Dalam hukum Islam, air memiliki peran penting dalam menjaga kebersihan dan kesucian. Oleh karena itu, penting bagi umat muslim untuk memahami jenis-jenis air yang ada.
Salah satu yang berperan utama dalam pemeliharaan kebersihan adalah konsep “air najis”. Berikut penjelasan seputar air najis yang merujuk pada hukum Islam.
Pengertian Air Najis
Dikutip dari Buku Pintar Agama Islam untuk Pelajar karya Muhammad Syukron Maksum, air najis disebut juga dengan air mutannajis.
Air najis adalah air yang terkena najis sedangkan jumlahnya kurang dari dua kullah (216 liter), sehingga air tersebut berubah menjadi air yang tidak suci dan tidak pula mensucikan.
Pembagian Air
Dikutip dari buku Fatwa-Fatwa Imam Asy-Syafi’i: Masalah Ibadah karya Asmaji Muchtar, Asy-Syafi’i mengatakan bahwa terdapat dua jenis air, yaitu air mengalir dan air menggenang.
a. Air Mengalir
Jika dalam air tersebut terdapat sesuatu yang diharamkan seperti bangkai, darah, atau sejenisnya dan berhenti pada suatu muara, maka air tersebut menjadi najis jika kadar air lebih sedikit (kurang dari lima geriba) dari bangkai yang masuk di dalamnya.
Air mengalir juga akan menjadi najis jika tercampur dengan sesuatu yang najis hingga mengubah aroma, rasa, dan warnanya.
Namun jika kadar air lebih dari lima geriba dan tidak mengubah aroma, rasa, dan warnanya, maka tidak dikategorikan najis karena menghanyutkan kotoran.
b. Air Menggenang
Sama dengan air mengalir.
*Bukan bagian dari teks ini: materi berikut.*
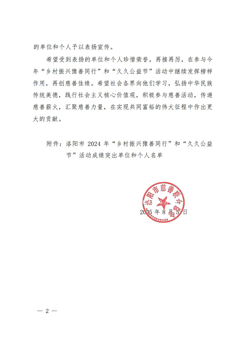来源:洛阳市慈善联合总会办公室 发表时间:2025/8/11 9:45:15 点击次数:【390】

Apabila air yang menggenang ini bercampur dengan sesuatu yang bercampur dengan sesuatu yang najis hingga mengubah warna, aroma, dan rasanya, maka air itu akan menjadi najis.
Jika air di dalam suatu wadah bercampur dengan najis, maka yang harus dilakukan adalah membuang airnya dan mencuci wadah tersebut.
Namun jika anjing dan babi minum dari wadah tersebut, maka harus dicuci tujuh kali dan salah satunya disertakan dengan tanah
Hukum Seputar Air Najis
Dikutip dari buku Fikih Empat Madzhab Jilid 1 karya Syaikh Abdurrahman Al-Juzairi, air najis tidak boleh digunakan dalam hal ibadah maupun untuk keperluan sehari-hari.
Jika air najis tersebut dipergunakan, maka akan membuat najis karena air tersebut adalah air yang najis.
Mazhab Hanafi mengatakan bahwa air najis haram dipakai dan dimanfaatkan, kecuali dalam dua keadaan,
Keadaan pertama yaitu adukan tanah yang tercampur najis, begitu pula dengan gipsum, kapur, semen, dll. Maka air tersebut boleh dipergunakan.
Keadaan kedua yaitu minuman hewan yang tercampur najis.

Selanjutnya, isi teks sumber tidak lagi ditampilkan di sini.